Input data.
BEGIN
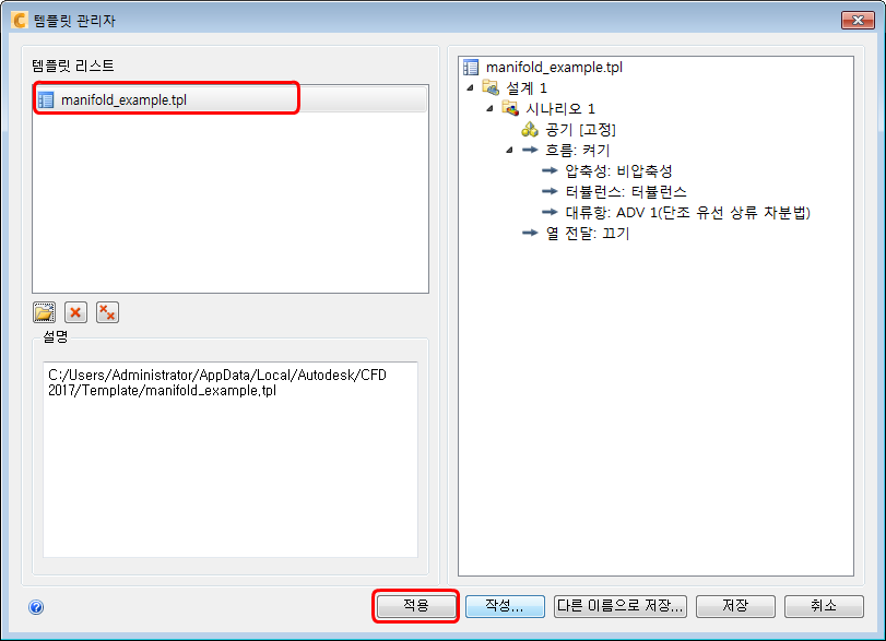 faucet_example.tpl을 선택하고 적용을 클릭합니다.
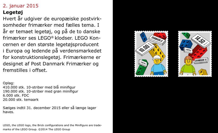 Happy New Year! Post Danmark announced today that there are two brand-new stamps available featuring LEGO® minifigures and blocks. The stamps can be purchased at post offices from January 2nd. „When it comes to toys, we do not find something that is bigger and more popular than just Lego brick“, said Martin Pingel, Design Director at Post Denmark Stamps in a press release. „It is in every way an international success story that we are proud to include in the Danish stamp universe“, he added.
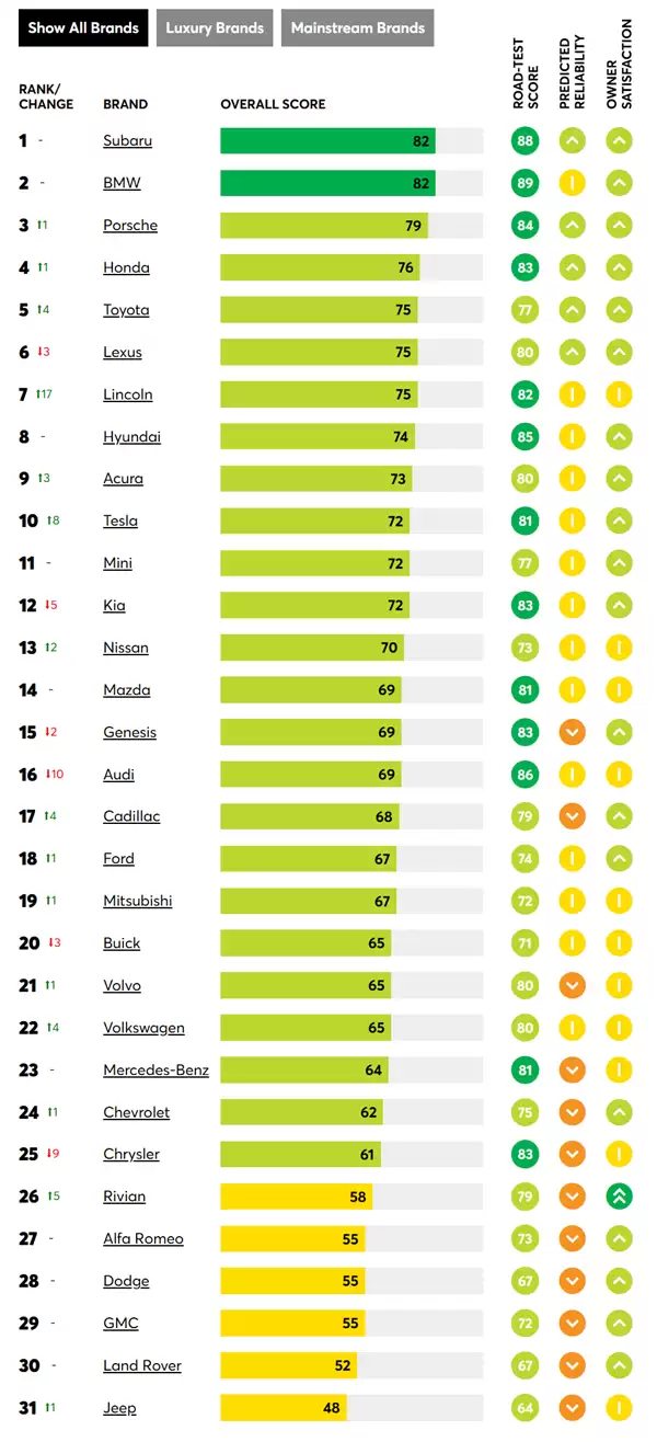 榜单末尾位置仍由Jeep、路虎、GMC占据,这三家品牌常年处于倒数三名。此外,报告明确只有在品牌拥有至少两款车型参与测试的情况下才会列入评分,因此菲亚特、英菲尼迪、捷豹、Lucid、玛莎拉蒂、Polestar与Ram等品牌未出现在此次排名中。
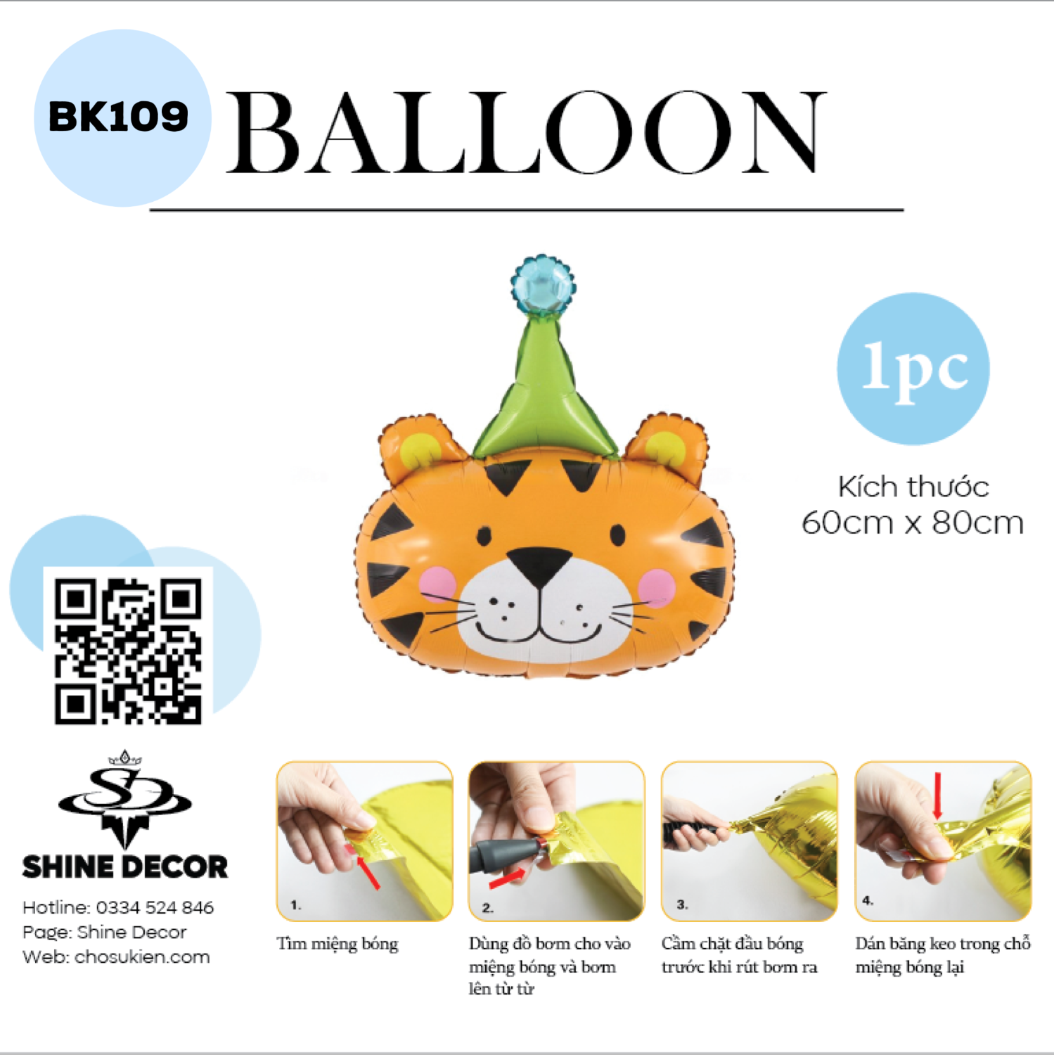 Bong Bóng Kiếng Hình Con vật - Hổ Đội Nón- BK109
END
To do.
Reproduce, unchanged, each line between the one with "榜单末尾位置仍由Jeep、路" and the last line of the material, both included; the pictures do not go in.

Answer below.
 榜单末尾位置仍由Jeep、路虎、GMC占据,这三家品牌常年处于倒数三名。此外,报告明确只有在品牌拥有至少两款车型参与测试的情况下才会列入评分,因此菲亚特、英菲尼迪、捷豹、Lucid、玛莎拉蒂、Polestar与Ram等品牌未出现在此次排名中。
 Bong Bóng Kiếng Hình Con vật - Hổ Đội Nón- BK109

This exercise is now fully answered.